Titel: J. Dickie's neues Wasserfahrzeug.
Autor: Anonymus
Fundstelle: 1885, Band 256 (S. 433–434)
URL: http://dingler.culture.hu-berlin.de/article/pj256/ar256162

J. Dickie's neues Wasserfahrzeug.

Mit Abbildungen.

Schon mehrfach ist der Versuch gemacht worden, den Widerstand eines Schiffes dadurch zu verringern, daſs man demselben eine Form ertheilt, vermöge deren das ganze Fahrzeug, anstatt nach statischen Gesetzen zu schwimmen, bei rascher Fortbewegung gewissermaſsen aus dem Wasser herausgehoben wird und über die Oberfläche desselben hingleitet. Ein neuer Versuch zur Verwirklichung dieses Gedankens ist nach dem Marine Engineer bezieh. dem Scientific American Supplement, 1884 S. 7232 von J. Dickie in Leeds gemacht worden, dessen Fahrzeug umstehend in einfachen Linien seinem Prinzipe nach verdeutlicht ist.

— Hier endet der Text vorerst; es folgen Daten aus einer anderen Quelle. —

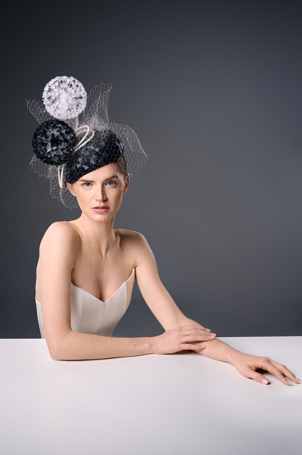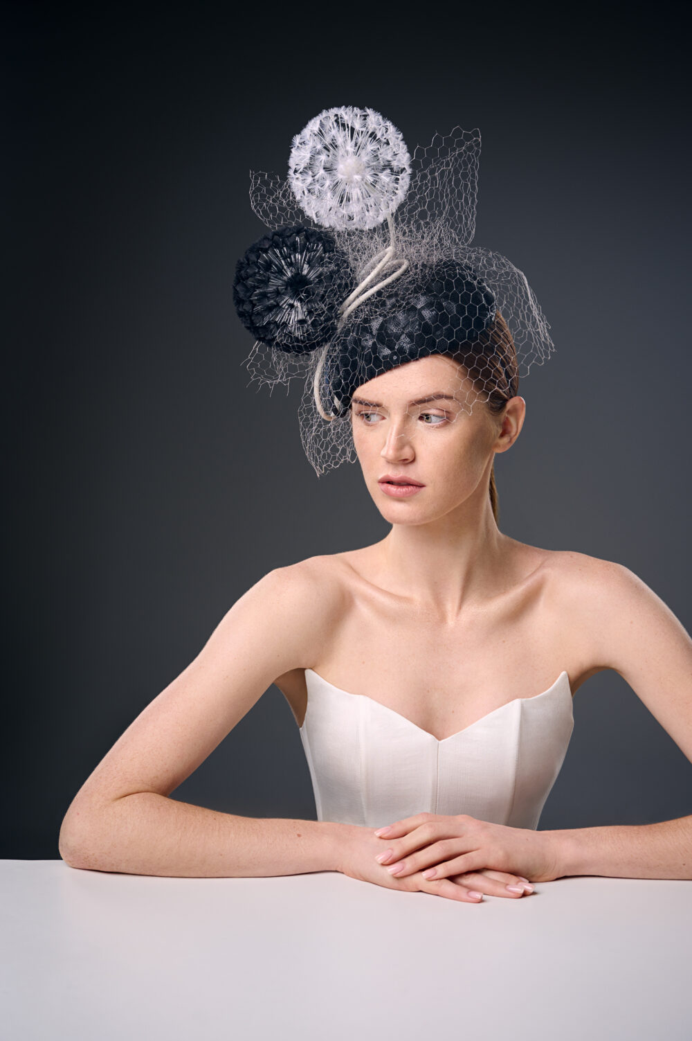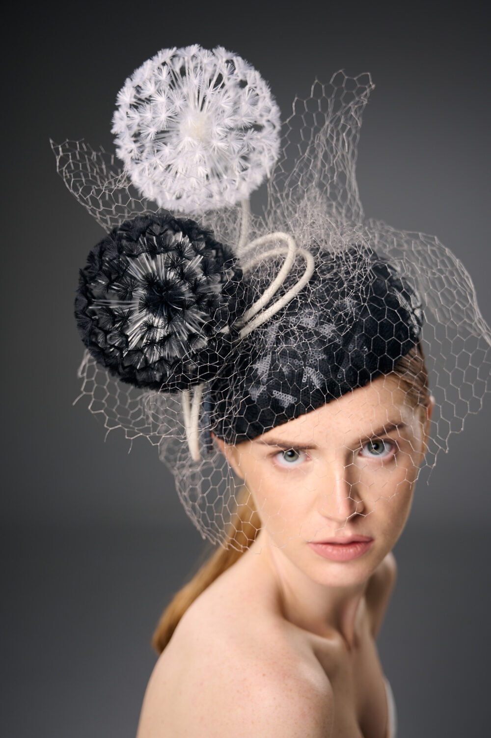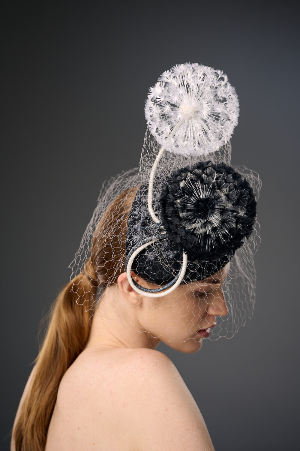 Каждый сегмент на одуванчиках создан вручную из японского шелка. Красивая винтажная шелковая вуаль и фактурная итальянская ткань с пайетками сделали шляпу невероятно стильной. Внутри изделия шелковая подкладка. Крепится на резиновую веревочку и гребешок.

Aus dem Längsschnitte und den Querschnitten I bis III ergibt sich, daſs der Boden dieses Schiffes durch 3mal zwei nach vorn hin ansteigende schiefe Ebenen gebildet wird, deren ersteres Paar in den eigenthümlich dreitheilig gestalteten Bug ausläuft, während die hinteren Paare in groſse nach unten sich verbreiternde und über Deck mit weiten Windfängen versehene Luftgänge hineinführen. Durch die Wirkung dieser schiefen Ebenen soll nun das Schiff bei rascher Fahrt sich heben, gleichzeitig aber auch durch die nach Meinung Dickie's zwischen dem Wasser und den schiefen Ebenen vom Buge aus bezieh. durch die Luftführungen |434| mitgerissene Luft der Reibungswiderstand des Wassers am Schiffe beträchtlich herabgezogen werden. Die Fortbewegung des Schiffes geschieht durch zwei unter demselben befindliche Schrauben mit schräg liegenden Wellen. Seitlich des Schiffskörpers sind zwei wasserdichte Räume a vorhanden, welche sich hinten bedeutend verbreitern und eine Wirbelbildung durch die Schrauben und die Bewegung des Schiffes verhindern sollen.

Textabbildung Bd. 256, S. 434
Auſserdem soll der breite Bau dieses Fahrzeuges dem Rollen wirksam entgegen wirken und Gelegenheit geben, die Kajüten und sonstigen Räume in einer Gröſse einzubauen, wie es bei der gewöhnlichen Form der Schiffe unmöglich ist.